How's your Romanian history? Mine was rough, so I was curious to see what it meant that on this date in 1601 Michael the Brave, a Romanian national hero, was assassinated. Romania.org puts it this way:

The end of the 16th century was dominated by the personality of Michael the Brave. He became voivode of Wallachia in 1593, joined the Christian League - an anti-Ottoman coalition initiated by the Papacy and the Holy Roman Empire and he succeeded, following heavy battles (Calugareni, Giurgiu) to actually regain the independence of his country. In 1599-1600 he united for the first time in history all the territories inhabited by Romanians, proclaiming himself "prince of Wallachia, Transylvania and the whole of Moldavia." The domestic situation was very complex, the neighbouring great-powers - the Ottoman Empire, Poland, the Hapsburg Empire - were hostile and joined forces to overthrow him; so this union was short-lived as Michael the Brave was assassinated in 1601.
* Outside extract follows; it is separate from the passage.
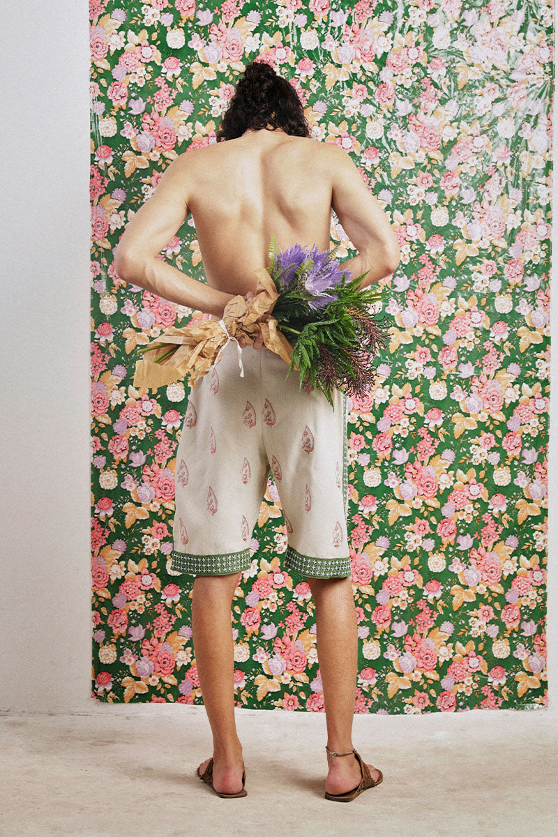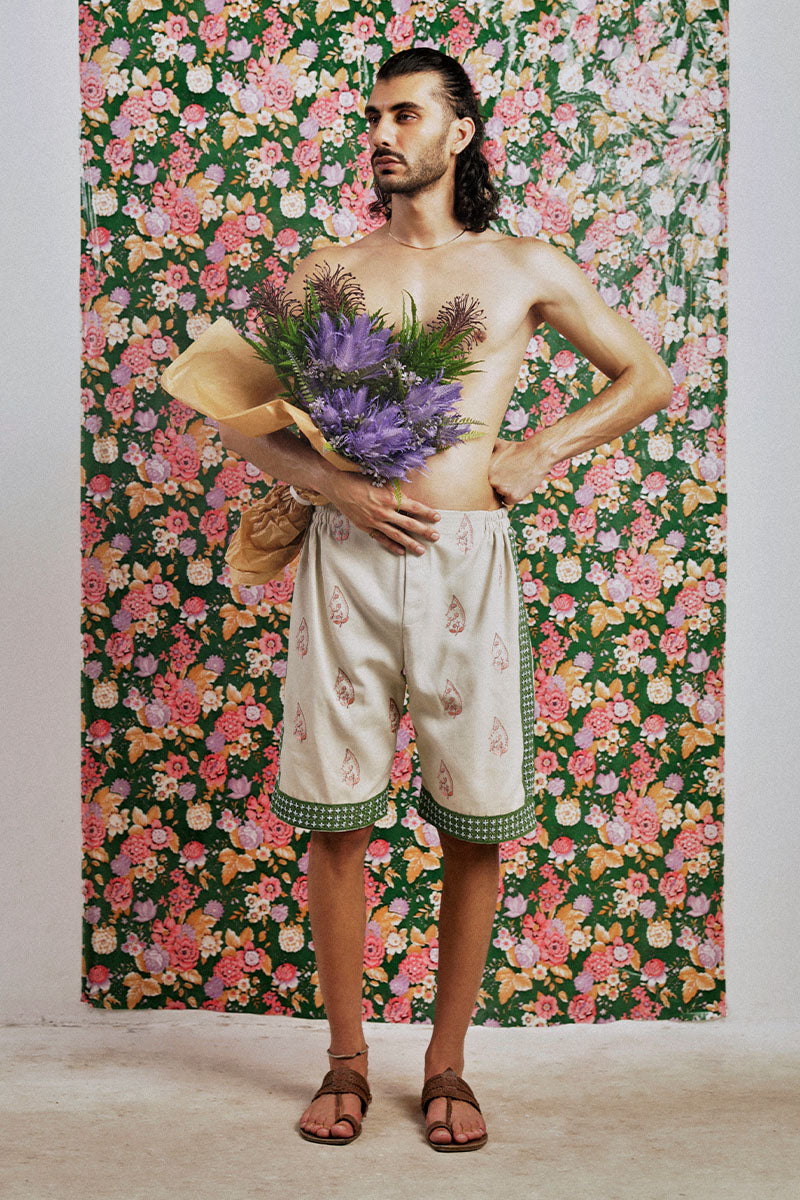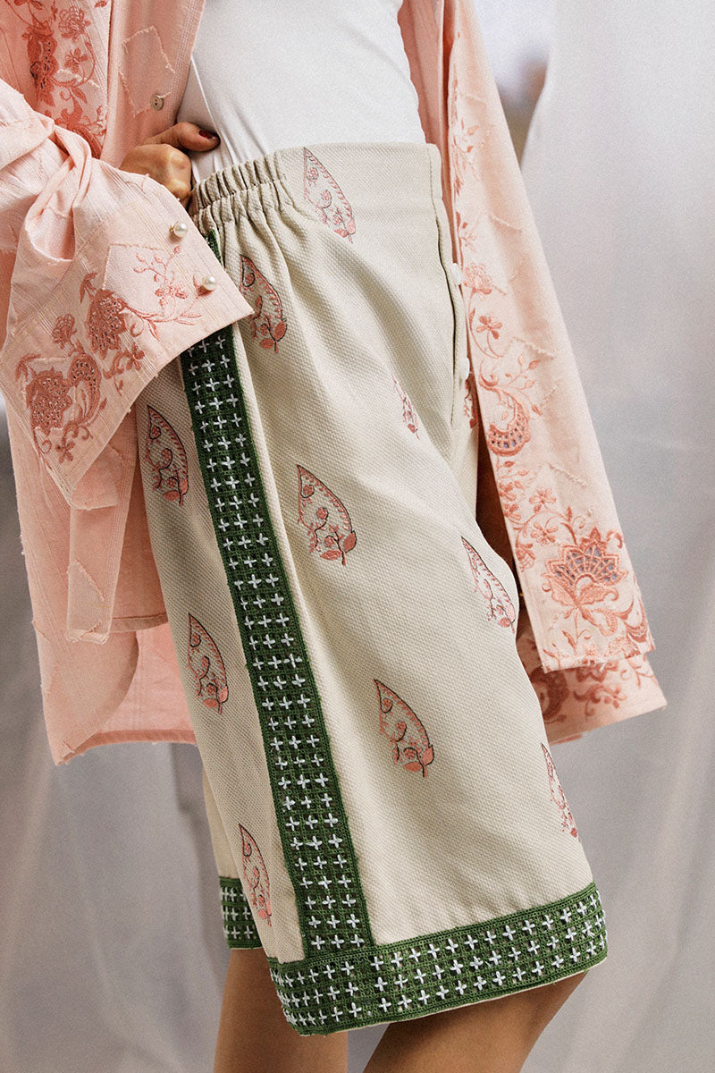 'Relaxed fit, tailored shorts in a textured woven fabric, with paisley embroidered motifs in tea-pink and earth-green tones. Detailed with lace panels with hand embroidered miniature detailing.

Next time you want to shut up some snooty blowhard, ask them to name their favorite voivode of the sixteenth century. (And I hope Troniu the Romanian doesn't think I'm making light of Romanian history—I'm just having fun with voivodes.)

* * *

Ogden Nash could have written a marvelous ode
to Michael the Brave, that stellar voivode.

* * *

Seventy years ago today, Germans voted to give Adolf Hitler the presidency in addition to the chancellorship he already held. For my analysis of the Hitler-Bush comparisons, see here. Seriously. I'm not going to get into it again.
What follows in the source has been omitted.